TASK REQUIREMENTS - Any picture in the material should be left out, while all other lines are copied exactly.

SOURCE MATERIAL -
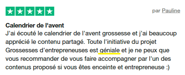 - Enfin, j'espère bien que tu ne t'arrêteras pas en si bon chemin 😉. Le Calendrier est là pour t'aider à défricher le complexe sujet qui t'attends, et te présenter ma méthode en détail. C'est aussi l'occasion pour toi de tester la façon dont j'explique les choses, et ainsi pouvoir être rassurée avant de rejoindre la Préparation Business à la Grossesse si le cœur t'en dit ! (D'ailleurs je prévois des bonus si tu passes le pas dans les 30 jours qui suit ton inscription au Calendrier).
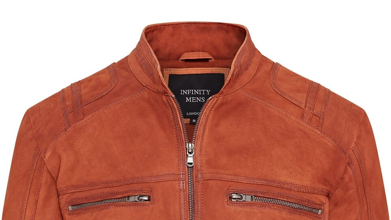 Introducing the Men’s Biker Leather Jacket, a striking piece with a matte finish. Crafted from sheep aniline leather, this jacket boasts a vintage, nubuck look. The exposed YKK zip front leads to a short nehru collar, complemented by four zipped pockets and gauntlet-style cuffs. Extra panels on the collar and shoulder, along with ribbed stitch quilting on the side panels, add a unique touch. Inside, the fully lined poplin interior features two additional leather-trimmed pockets, one zipped and one buttoned for security.
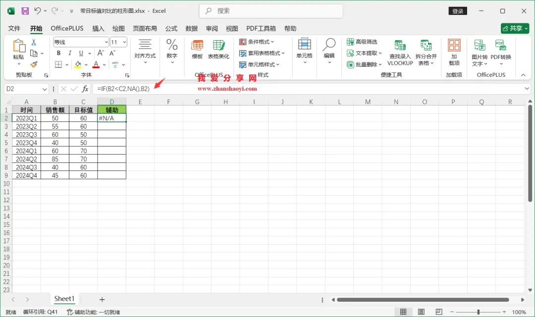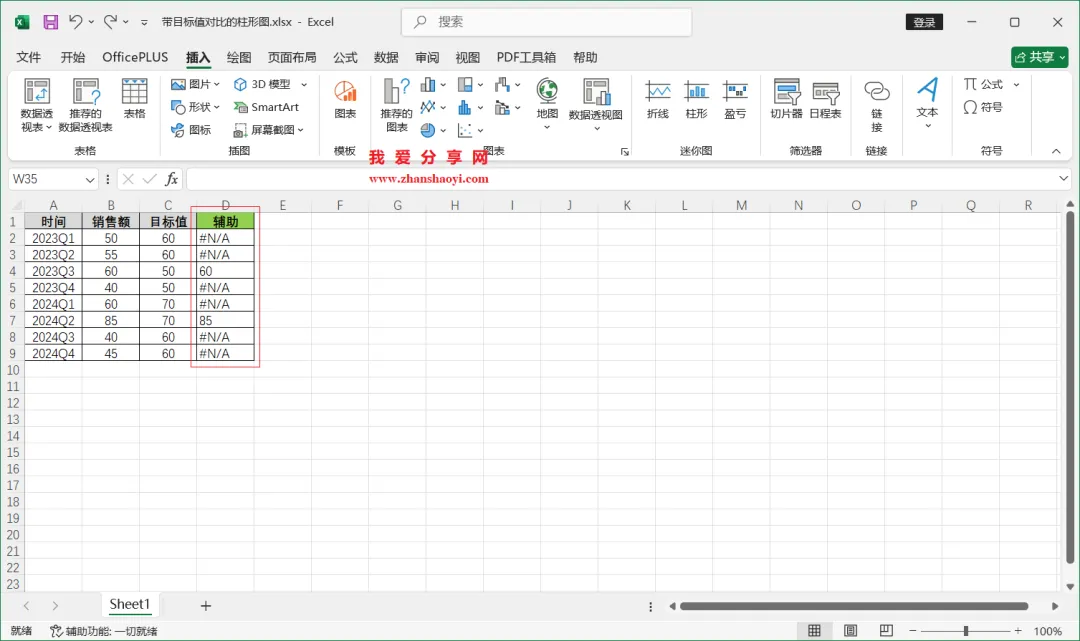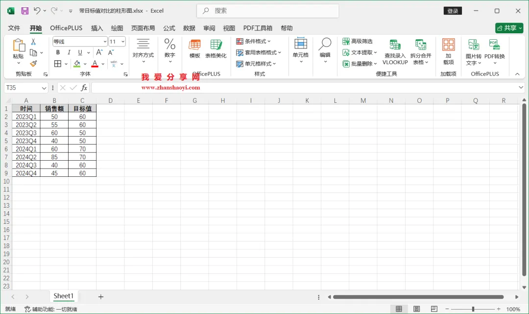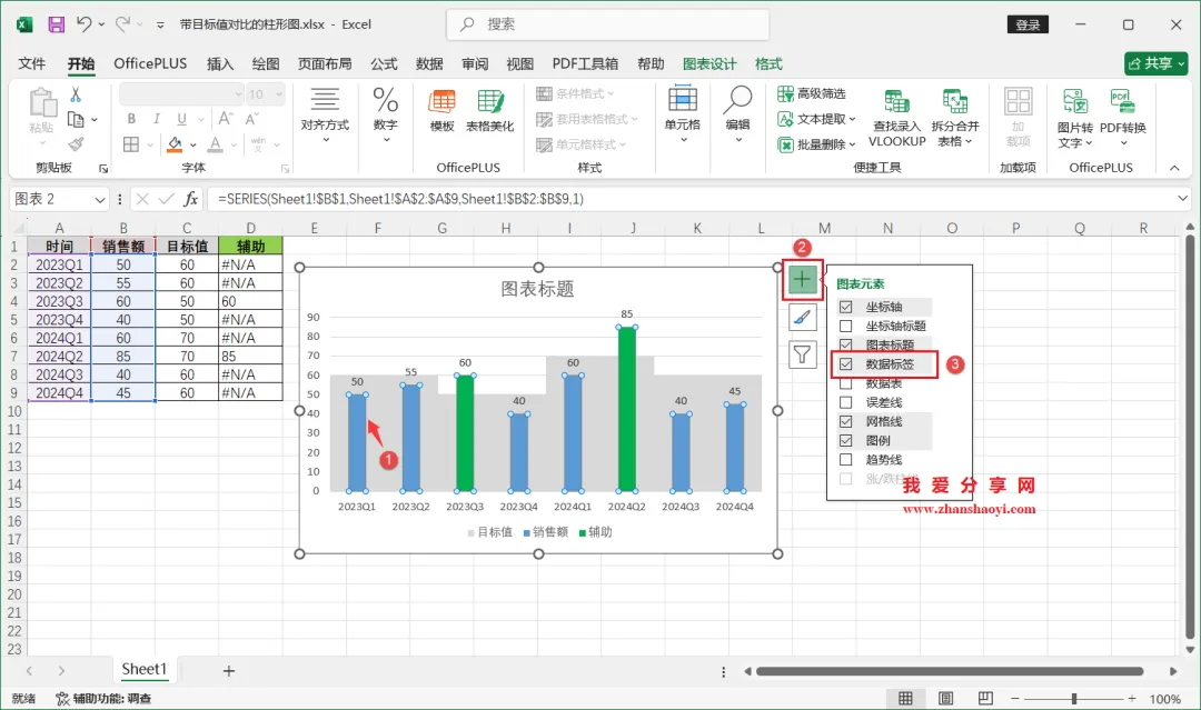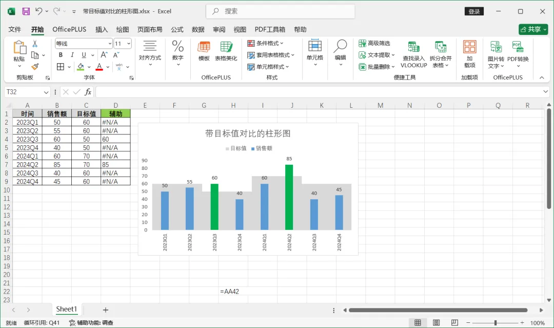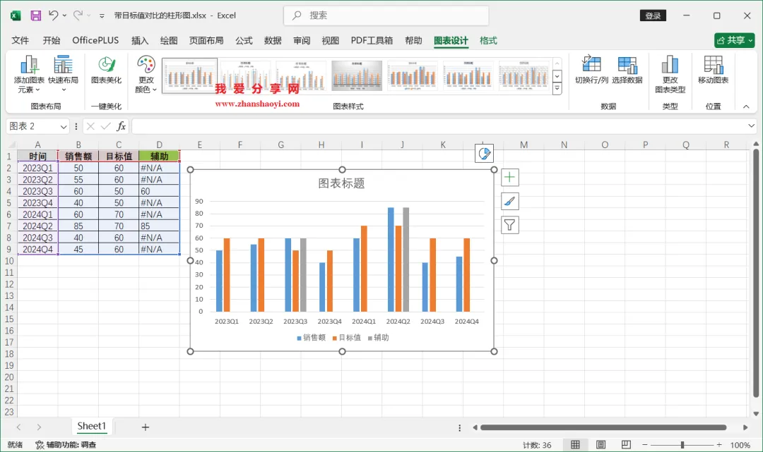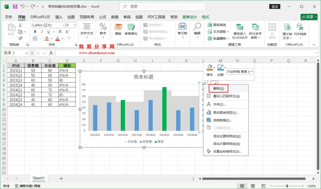 15、最后,修改标题、设置横轴刻度显示和隐藏网线线,完成带目标值对比的柱形图效果如下,希望本期分享的内容对大家有所帮助~~

ANSWER BOX -
 - Enfin, j'espère bien que tu ne t'arrêteras pas en si bon chemin 😉. Le Calendrier est là pour t'aider à défricher le complexe sujet qui t'attends, et te présenter ma méthode en détail. C'est aussi l'occasion pour toi de tester la façon dont j'explique les choses, et ainsi pouvoir être rassurée avant de rejoindre la Préparation Business à la Grossesse si le cœur t'en dit ! (D'ailleurs je prévois des bonus si tu passes le pas dans les 30 jours qui suit ton inscription au Calendrier).
 Introducing the Men’s Biker Leather Jacket, a striking piece with a matte finish. Crafted from sheep aniline leather, this jacket boasts a vintage, nubuck look. The exposed YKK zip front leads to a short nehru collar, complemented by four zipped pockets and gauntlet-style cuffs. Extra panels on the collar and shoulder, along with ribbed stitch quilting on the side panels, add a unique touch. Inside, the fully lined poplin interior features two additional leather-trimmed pockets, one zipped and one buttoned for security.
 15、最后,修改标题、设置横轴刻度显示和隐藏网线线,完成带目标值对比的柱形图效果如下,希望本期分享的内容对大家有所帮助~~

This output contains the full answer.